API Rate limits and workarounds

Currently we have around two dozen devices and we are polling each of them via the sdk/api about every 5 seconds.

We’re experiencing a lot of timeout requests and error messages saying there are too many requests. We can’t build reliably anymore.

I was wondering if there is any detailed information on the performance of the api, how it rate limits and when. Would it be a matter of signing up for different plan to get better performance?

Thanks a lot for the help!

Hi there,
We do perform some rate-limiting for our API endpoints, but the specific limits are not documented, and we are still investigating what the best values would be.
May I ask you why you need to poll each one of them every 5 seconds? I’m asking because If we can better understand the use case maybe we can help you find another solution. May I also ask you if in your case making a single request for multiple devices would still be fine ?

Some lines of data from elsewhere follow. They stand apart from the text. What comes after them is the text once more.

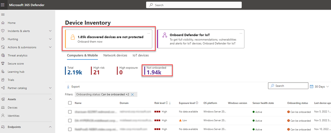 For example, within Microsoft Defender XDR, the device inventory provides a clear view into newly discovered devices in your network that aren't yet protected. At the top of each Device inventory tab, you can see the total number of devices that aren't onboarded. Here's an example.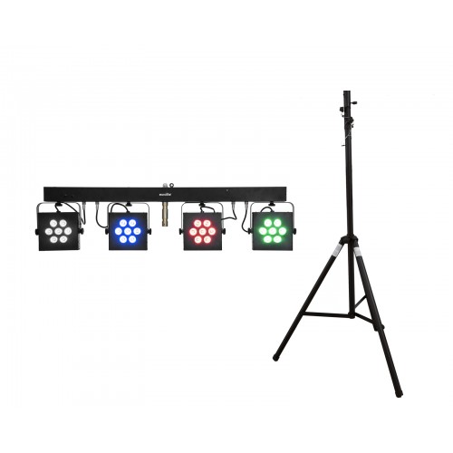 Bar mit 4 lichtstarken RGBAW/UV-Spots, QuickDMX, Fernbedienung und Tasche inkl. Stahlstativ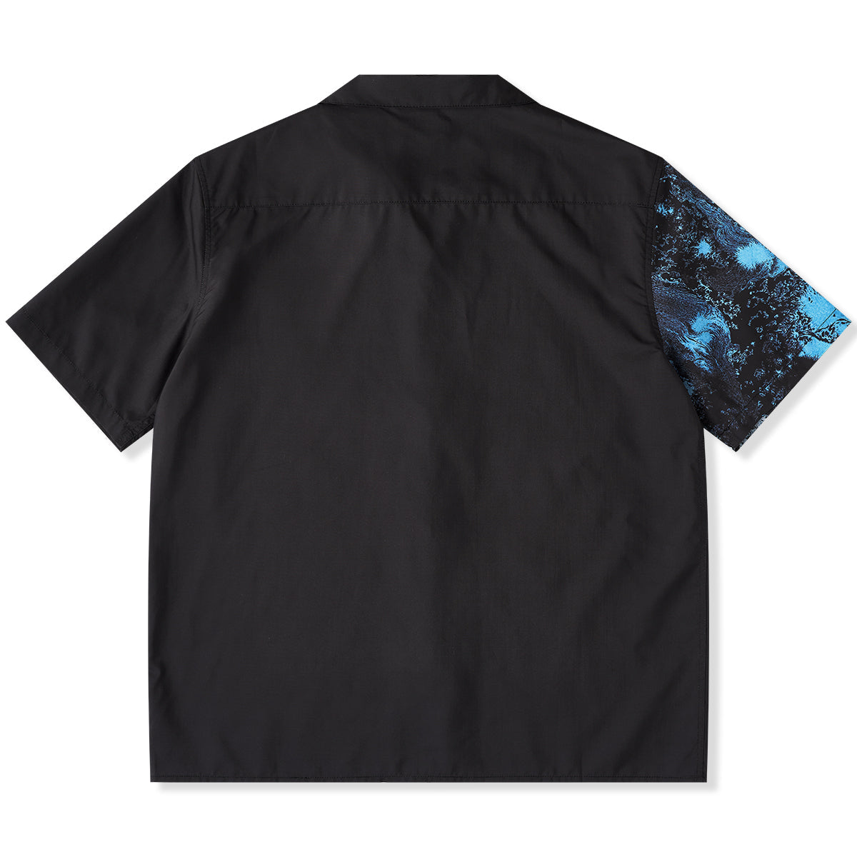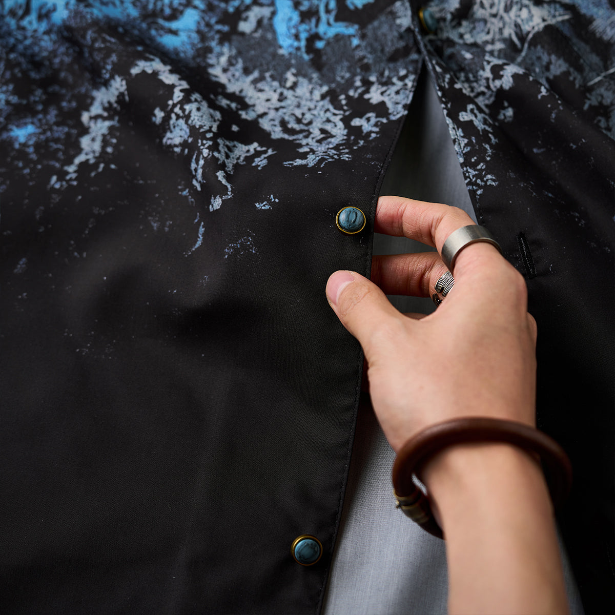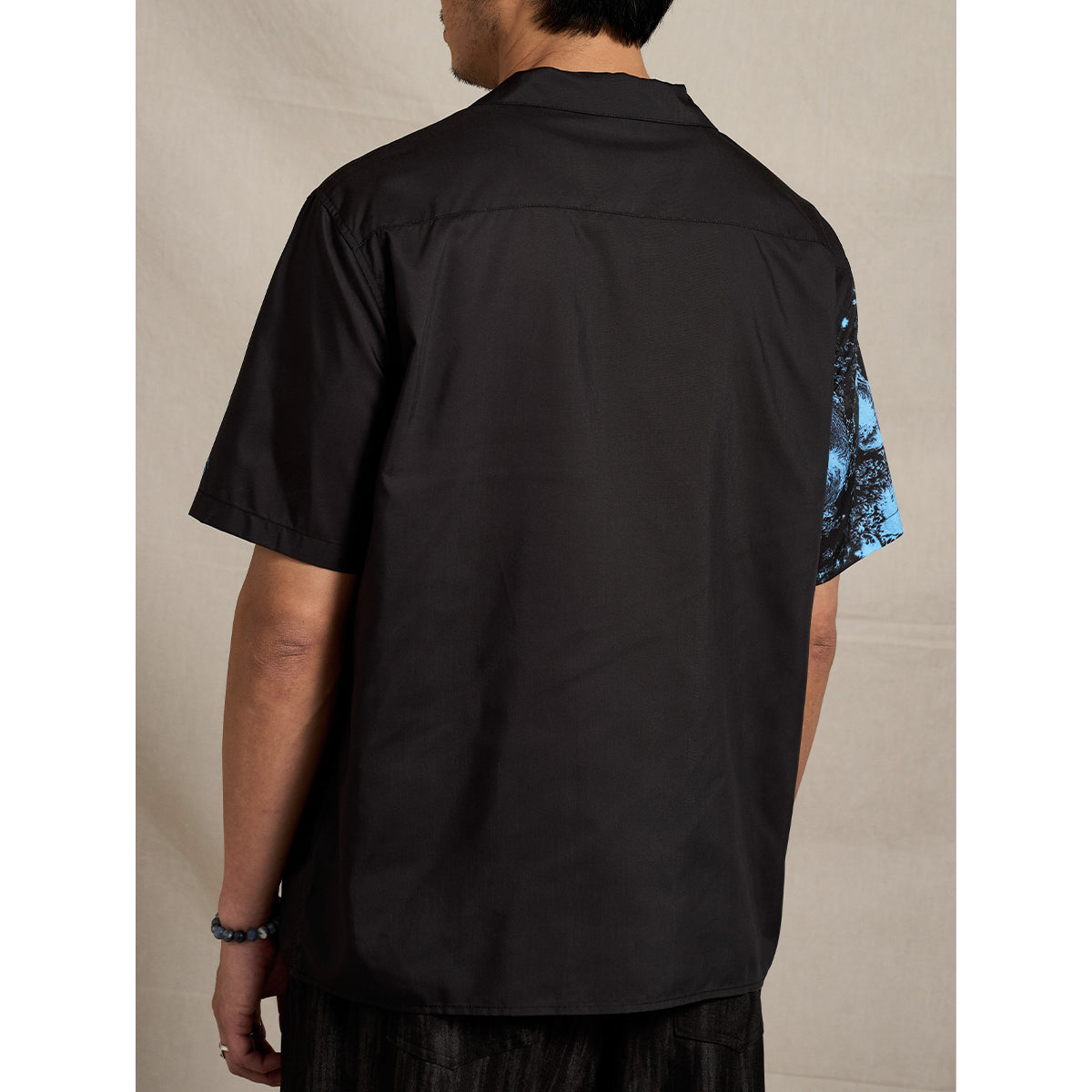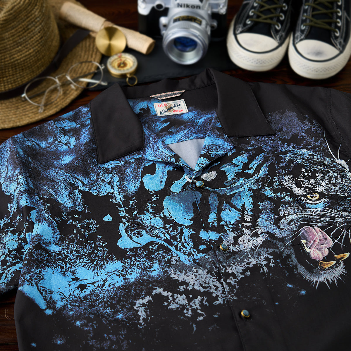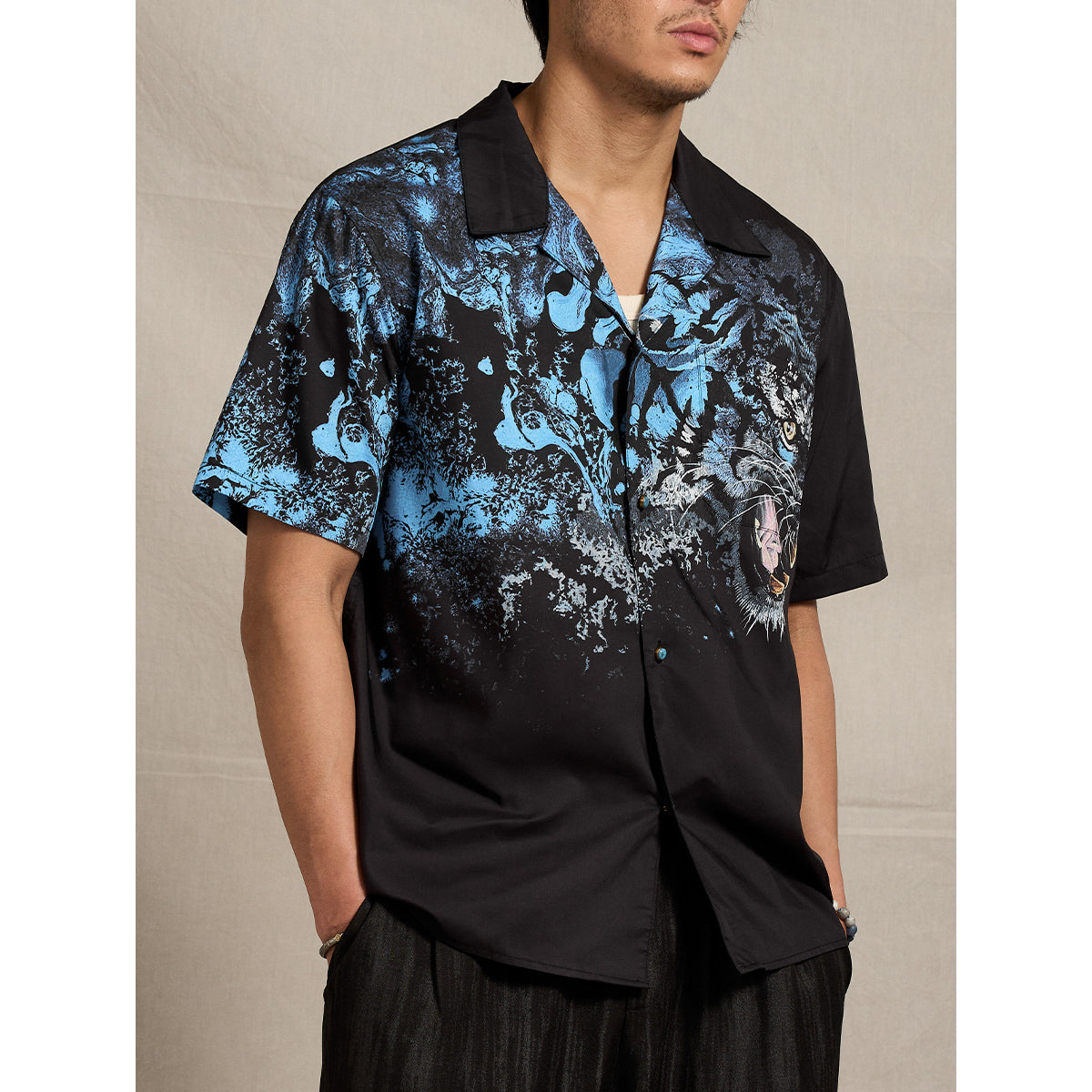 KARAKU×田中ラオウ「Bloom」호랑이 프린트 터키석 단추 쿠바 카라 셔츠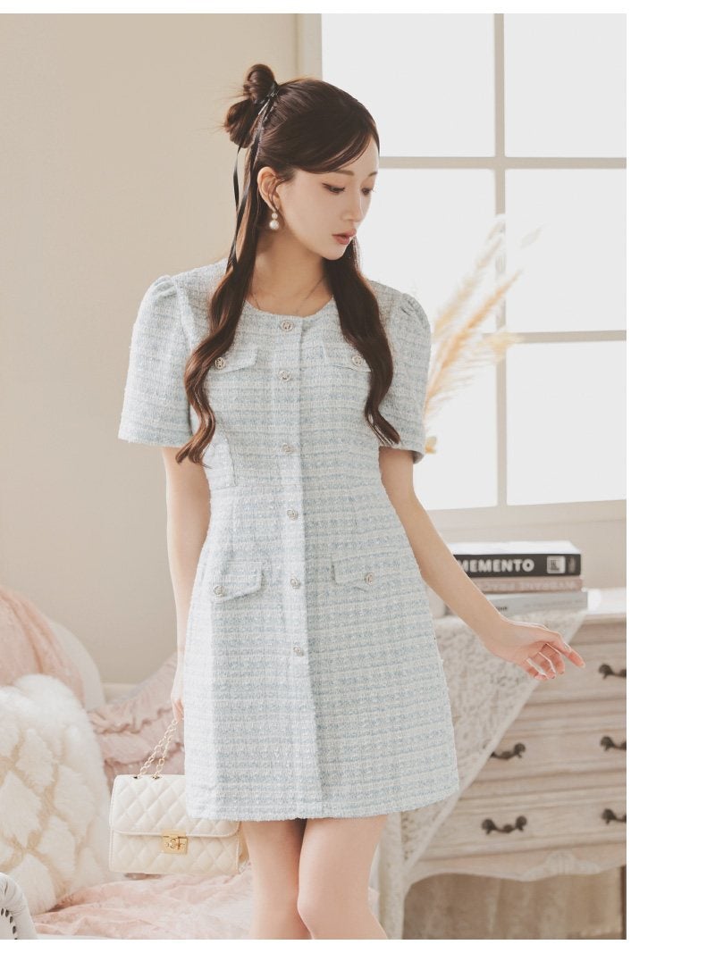 パールボタンとラメツイードで品格を纏う、清楚系チェック柄ワンピーススーツ。 先行予約割¥6980→¥6630!※一部予約販売※パールボタンが上品に輝くノーカラーのニットツイードチェック柄ワンピーススーツ 【Ryuyu】(XS/S/M/L)(ピンク/ブルー/ホワイト)
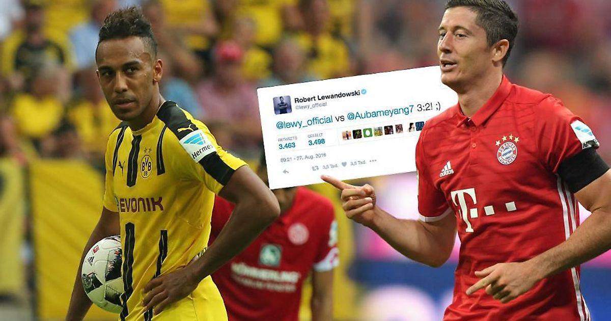 На газоне топ-форварды уже начали своё противостояние, а через твиттер Обамеянг и Левандовски устроили и вербальное. Своим дублем в матче с «Майнцем» габонский нападающий «Боруссии» последовал так называемому вызову на бой со стороны поляка, который забил сразу 3 гола в матче с «Вердером».

Hi @JSReds - Thanks for the suggestion. I’m currently working on an implementation that calls the getAll* versions of the functions instead of multiple get functions.

We are observing the same problem. Our automated tests automatically deploy releases and test configurations by updating and checking environment variables for multiple devices. This usually works well if executed from a developer’s computer, but we are getting the “too many requests” error if executing the tests from the gitlab CI. If not documented, can you provide some indication how the get more reliable results?

Hey Andreas,

it would be faster to fetch environment variables of all of the devices in one query to reduce the number of api calls. I am assuming you are getting too many requests issue on every test run, can you be certain they are only run once? can you approximate how many api calls you might be making? the rate limiting is quite high so you shouldn’t be hitting them for normal use cases.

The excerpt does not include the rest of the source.